Plans for adding volume control to QtMultimedia are under way; discussions around the other topics are ongoing. As always, we’d value feedback on these or any other aspects of Qt – please get involved by commenting on this post or via the #qt-labs IRC channel.

When you should go low

So, given the choice between the high-level Phonon API and the low-level QtMultimedia API, what considerations can help you decide which one to use?

Well, let’s start with some easy wins – there are some use cases when Phonon is clearly the right choice:

  • Development of a music player, when the Phonon backends on your targetted platforms already provide:
    • Codecs for most or all of the audio formats your users are likely to want to play
    • Support for most or all of the protocols via which your users want to stream music

In these cases, there is no reason to go to the extra effort which using QAudioOutput would require – the Phonon backend is already doing the heavy lifting for you.

Another use case for which Phonon is probably the way to go is when your application needs to deal with DRM data. This is because using QAudioOutput would likely require the application to handle plaintext (i.e. decrypted) data itself, and may therefore impose some limits on how the application can be deployed.

Update 18/05/10: Phonon does not currently support playback of DRM content, and there is no plan to add this.

Conversely, if the application needs to record, rather than just play audio, then Phonon clearly isn’t suitable since it doesn’t support audio capture.

On the other hand, if the application has any of the following characteristics, QAudioOutput may be the better choice:

  • Specific latency requirements
  • Need to access raw audio data directly

Applications which may have such requirements include:

  • Streaming applications such as VoIP or video telephony endpoints
  • Streaming music applications, when Phonon doesn’t offer the required protocol / codec support
  • Real-time audio analysis applications, such as instrument tuners
  • Applications which synthesize their own audio streams, such as musical instrument simulators
  • Those which need to play sounds at precisely defined moments, such as games

A problem which presents itself when looking at the above list is that taking the decision to use QAudioOutput leaves a lot of work to be done in the application itself. Imagine that the reason Phonon cannot be used is that, although the application needs to stream audio via a protocol which the Phonon backend supports (say, RTSP), the stream is encoded using a proprietary codec which is not available to the Phonon backend. In this case, the application needs to manage the RTSP stream itself – either by using its own streaming engine, or maybe by using native platform streaming APIs, decode the stream using the proprietary codec, and then pass the decoded audio data to QAudioOutput.

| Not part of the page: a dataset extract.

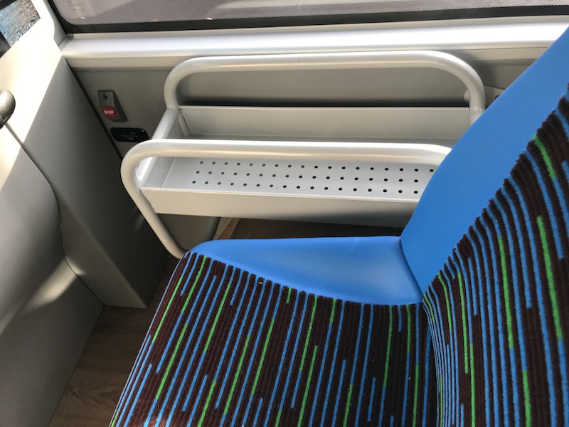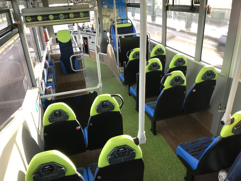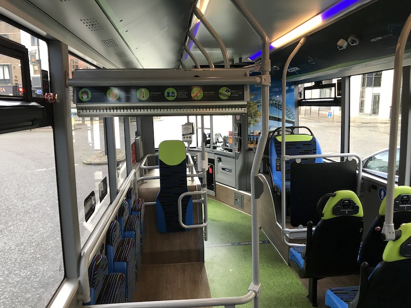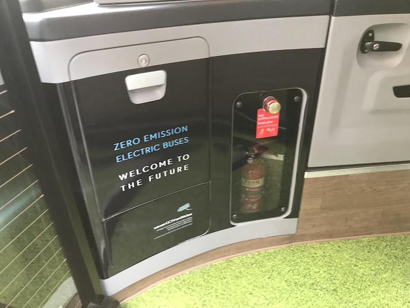 I was also struck by the absence of lots of shouty notices inside telling me how much carbon I’m saving by making a journey on an electric bus or similar exhortations, the main reference I spotted was as you board by the driver’s cab door and some subtle information on the well designed cove panels.

The root of this problem is that the abstractions offered by both Phonon and QtMultimedia correspond to a large chunk of audio stack, rather than allowing access to individual components. In the case of Phonon, the entire stack is lumped together and abstracted by a single API. QtMultimedia breaks this down a bit, but still groups the codecs and the final output stage (routing and the DAC) together. There aren’t yet any Qt abstractions for individual components such as codecs, meaning that application developers who wish to address those components directly must do so via platform-specific APIs.

A demo is worth a thousand words

… but I’ve already written twice that much, so it’s probably time for a break. In a following post, we’ll look at putting QtMultimedia to work in that demo application.

Do you like this? Share it
Share on LinkedInGoogle+Share on FacebookTweet about this on Twitter

Posted in Multimedia

21 comments

rule says:

That looks promising, Qt Multimedia API is what i missed in Phonon. Thatnk you for info, I’ll try as soon as possible.

sandsmark says:

This QtMultimedia API looks a lot like the `pcmio` API that Kretz started on for Phonon.

But how do you do plan on doing decoding? Do you use lavcodec and lavformat or something similar directly, wrap gstreamer, or runtime pluggable backends?

Also; the Phonon that ships with Qt 4.7 has a new class called “AudioDataOutput” that outputs raw PCM data, which should cover the use case for real-time audio analysis. And there is currently a GSoC project on going for improving the low-level I/O APIs in Phonon, as well as a GSoC on implementing high-level capture APIs (webcams is the usecase here).

rikrd says:

This all looks great! Looking forward to trying it out.
I read from the docs that the bufferSize (getter and setter) is specified in milliseconds and it is an int. Is it an approximate value or a mistake in the doc? I usually think of a bufferSize in terms of number of samples per buffer. e.g. 1024 samples

thanks for this post!

Gareth Stockwell says:

@rikrd: thanks for spotting that, it’s a mistake in the docs for QAudioInput. I’ve just committed a patch which fixes it – should arrive in the public snapshot in a couple of days.

grsji says:

Will MIDI be supported in QtMultimedia, some time?

songwei1984 says:

If you could share your spectrum analyser demo source code with Symbian and Windows version, I think it’s very useful to learn QtMultimedia module.
Thanks.

naresh says:

What about phonon in Qt 4.7. Will it support fully QIODevice based Phonon::MediaSource. By full I mean it won’t read whole source but treat it as stream and get data by chunks on “readyRead”?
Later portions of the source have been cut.